Why the bundle made sense then, and why it might not now

When you first started exporting, having one provider handle everything was the right call. Export documentation in the UK was new territory for a lot of businesses after Brexit, and the last thing you needed was another process to learn while you were still figuring out the logistics. Letting your forwarder take care of the customs forms along with everything else made life simpler.

But a few years on, your exports have probably settled into a pattern. Same product lines, same HS codes, same destinations. The logistics side still needs expertise with routing, carrier selection, and scheduling that changes and requires judgement. The export declaration doesn’t. It’s usually the same customs declaration form and the same data, filed in the same way each time.

So, you’re paying a bundled rate that covers two very different levels of complexity. The logistics portion earns its fee. The export declarations portion is routine work priced as though it isn’t.

If your forwarder charges, say, £150 per shipment and the customs portion accounts for £50–£80 of that, you’re spending £600–£960 a year on export declarations alone for just one shipment a month. An online export documentation platform like ExportDocuments.co.uk charges £29.50 per declaration.

You get the same HMRC-compliant result, filed through a direct digital link, at a fraction of the cost.

How splitting it out works in practice

The obvious concern is that pulling the customs work away from your forwarder will create problems.

In practice, it doesn’t.

Your freight forwarder still handles the physical shipment. You file the export declaration yourself through an export platform with a direct HMRC link, get your customs clearance, and the goods move as normal. The two processes run alongside each other. Plenty of UK businesses already work this way.
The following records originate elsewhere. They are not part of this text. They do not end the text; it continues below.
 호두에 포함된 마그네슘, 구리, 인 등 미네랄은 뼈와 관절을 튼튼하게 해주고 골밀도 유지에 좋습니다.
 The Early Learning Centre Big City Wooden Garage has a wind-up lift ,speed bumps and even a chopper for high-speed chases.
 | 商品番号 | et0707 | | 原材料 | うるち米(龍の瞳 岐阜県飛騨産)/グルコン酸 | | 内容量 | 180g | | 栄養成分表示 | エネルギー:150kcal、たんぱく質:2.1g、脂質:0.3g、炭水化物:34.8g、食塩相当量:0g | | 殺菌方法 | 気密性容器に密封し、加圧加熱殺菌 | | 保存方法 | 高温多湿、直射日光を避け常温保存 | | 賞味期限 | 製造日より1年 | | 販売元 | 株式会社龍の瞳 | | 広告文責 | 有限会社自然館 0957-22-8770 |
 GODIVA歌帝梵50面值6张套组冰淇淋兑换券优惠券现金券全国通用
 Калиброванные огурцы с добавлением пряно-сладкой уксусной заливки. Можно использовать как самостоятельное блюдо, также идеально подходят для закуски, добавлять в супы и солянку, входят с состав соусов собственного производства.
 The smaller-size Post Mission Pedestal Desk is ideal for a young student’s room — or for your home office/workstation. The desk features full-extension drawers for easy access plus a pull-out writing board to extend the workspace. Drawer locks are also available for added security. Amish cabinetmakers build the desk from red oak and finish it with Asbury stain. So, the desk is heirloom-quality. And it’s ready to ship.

A good customs declaration service will make the filing part straightforward. At ExportDocuments.co.uk, you fill in a 4-step export declaration form, and because the platform connects directly to HMRC, turnaround is measured in minutes rather than hours.
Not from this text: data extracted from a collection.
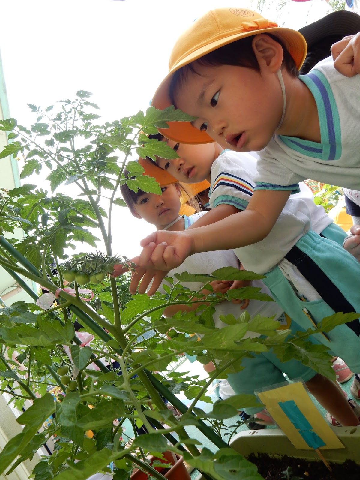 今日採れたのは3つ。でも、まだまだこれから大きくなりそうなピーマンが一杯ついています。金曜日には、初めてのピーマンでクッキングですって!楽しみですね♪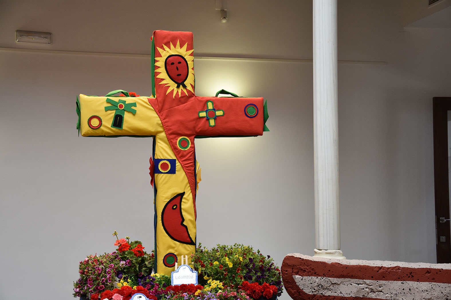 La Cruz representa el traje del Cascamorras, uno de los grandes símbolos de la ciudad. Sus colores —rojo, verde y amarillo— transmiten vitalidad, pero en esta ocasión adquieren un significado aún más profundo, ya que la Cruz reproduce con minucioso detalle la chaquetilla del personaje, funcionando como una auténtica réplica artística. Por ello, la visita se plantea como una experiencia envolvente. Se invita al espectador a recorrer la Cruz como si de una girándola se tratara, rodeándola para descubrir cada detalle, símbolo y matiz. No es solo una obra para contemplar, sino para explorar.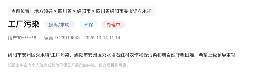2、10月15日,ID“23927852”给四川省委书记王晓晖留言:“朝*磷肥厂污染我们的农作物和我们老百姓的身体,几个月了越来越严重,到现在还没给老百姓一个处理方案,他们又在开始生产了 2025年8月13号,农作物大面积受伤害,直到10月9号早上老百姓呼吸磷肥化工厂的气体,又一次出现烟雾刺鼻,10月10号早上竹林树木叶子全落,希望领导重视。”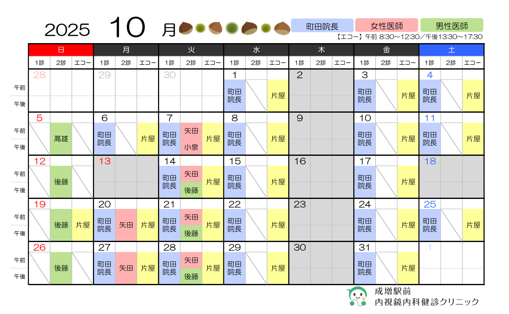 2025年10月の医師の勤務日及び、エコー実施日は以下の通りです。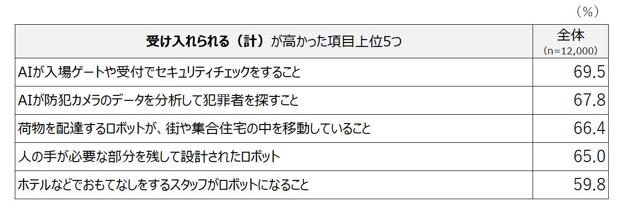 私たちの日常生活では既にAIやロボットが活用される場面が多く見られ、今後さらにこうした場面が増えていくと仮定してそれらの受容度を尋ねた。「受け入れられる(計)」が高かったものは、入場時のセキュリティチェックや防犯カメラでのデータ活用による犯罪者の捜索、荷物配達ロボットなどであった。また、人の手が必要な部分を残して設計されたロボットへの受容度も高かった。
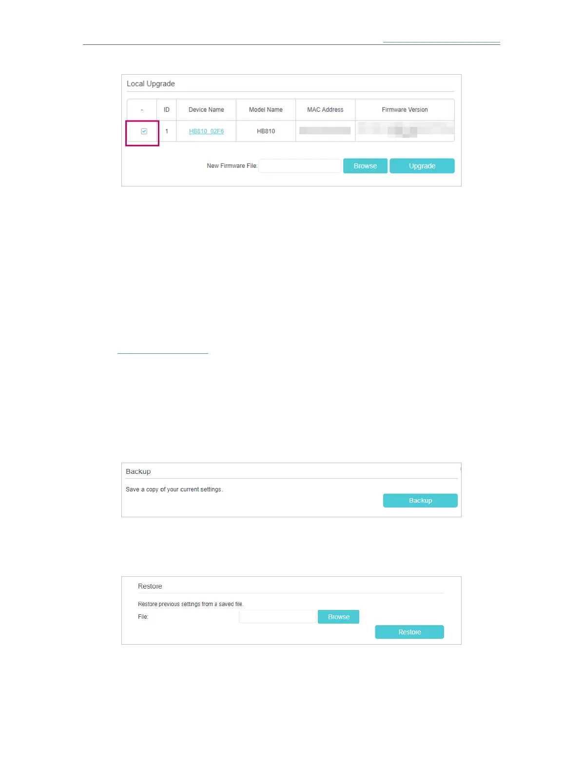 1 ) Click Browse to locate the previous backup configuration file, and click Restore.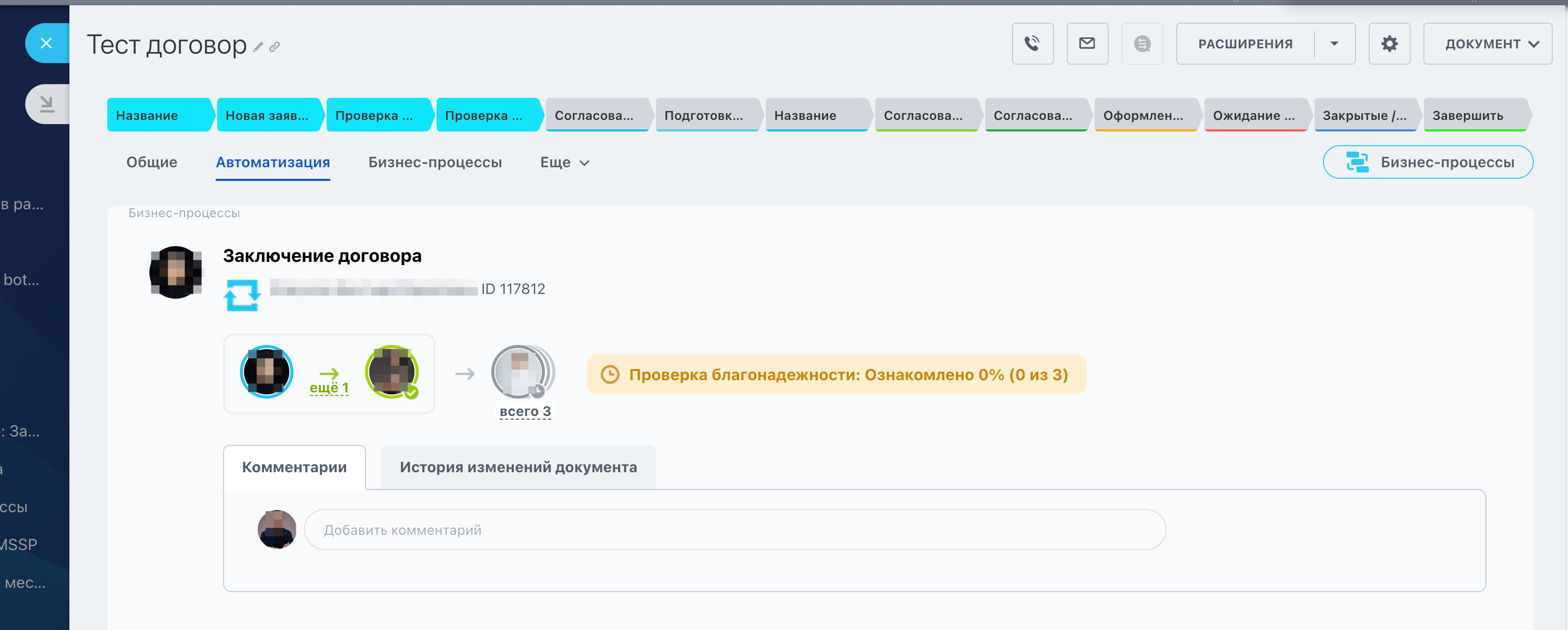 После создания договора автоматически запускается бизнес-процесс на согласование: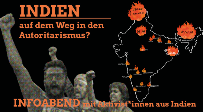 Seit Dezember 2019 finden in Indien Massenproteste gegen ein neues Einbürgerungsrecht („The Citizenship Amendment Act“ oder CAA) und gegen ein Bevölkerungsregister „National Register for Citizens“ (NRC). An vorderster Front der Proteste stehen Studierenden, “Säkularisten”, Frauen und vor allem die zweihundert Millionen Muslime – die durch das Vorhaben mit am härtesten getroffen werden. Die Gesetze sind aber nicht nur antimuslimisch, sie wenden sich gegen Frauenrechte, gegen Arme, gegen Dalit (die Menschen, die zu den „untersten Kasten“ gezählt werden) und gegen Transgender Personen. Sie sind ein Angriff auf die Grundrechte, die in der indischen Verfassung festgeschrieben sind.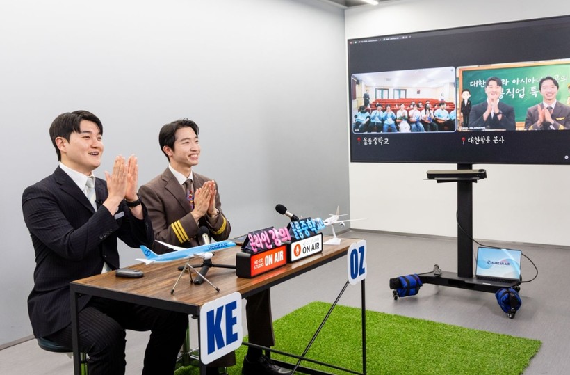 | ▲ 대한항공·아시아나항공 교육기부 봉사단이 지난 27일 오후 서울 강서구 대한항공 본사 스튜디오에서 ‘온라인 직업 특강’을 진행하고 있는 모습(사진=대한항공) |

You can save your product data in an article master file so you’re not re-entering the same HS codes and descriptions every time. Company-level accounts mean your whole team can file and track export declarations without relying on one person. And if you hit a shipment that’s more complicated than usual, you can add an expert review for £10 and have a customs specialist check your work before it’s submitted.

There’s a record-keeping benefit too. Every export declaration document you file is stored in your account, time-stamped and searchable. When you need proof of export for a VAT inspection or an audit, it’s all there. You’re not chasing your forwarder for paperwork that may or may not still be in their system.

When to keep it bundled

If your forwarder is giving you a genuinely competitive rate on the whole package and the customs portion isn’t inflating the cost, there may be no reason to change. The same goes if your shipments are complex enough that your forwarder’s customs team is adding real value through classification expertise or regulatory knowledge you couldn’t handle on your own. Some export documentation requires specialist input, and in those cases the bundled service earns its fee.

The point isn’t that every SME should split out the customs work. The point is that most have never checked whether they should, because they’ve never seen the two costs separately.

One question worth asking

Next time you get an invoice from your freight forwarder, ask them to break out the customs declaration cost from the logistics fee. Once you can see the number, you can compare it. If it’s significantly more than £29.50 per export declaration, and your shipments are routine enough that you could file the customs form yourself, you know where the saving is.

Your forwarder keeps doing what they’re good at. You take back the bit that doesn’t need their involvement anymore. And you keep full control of your export documents in the process.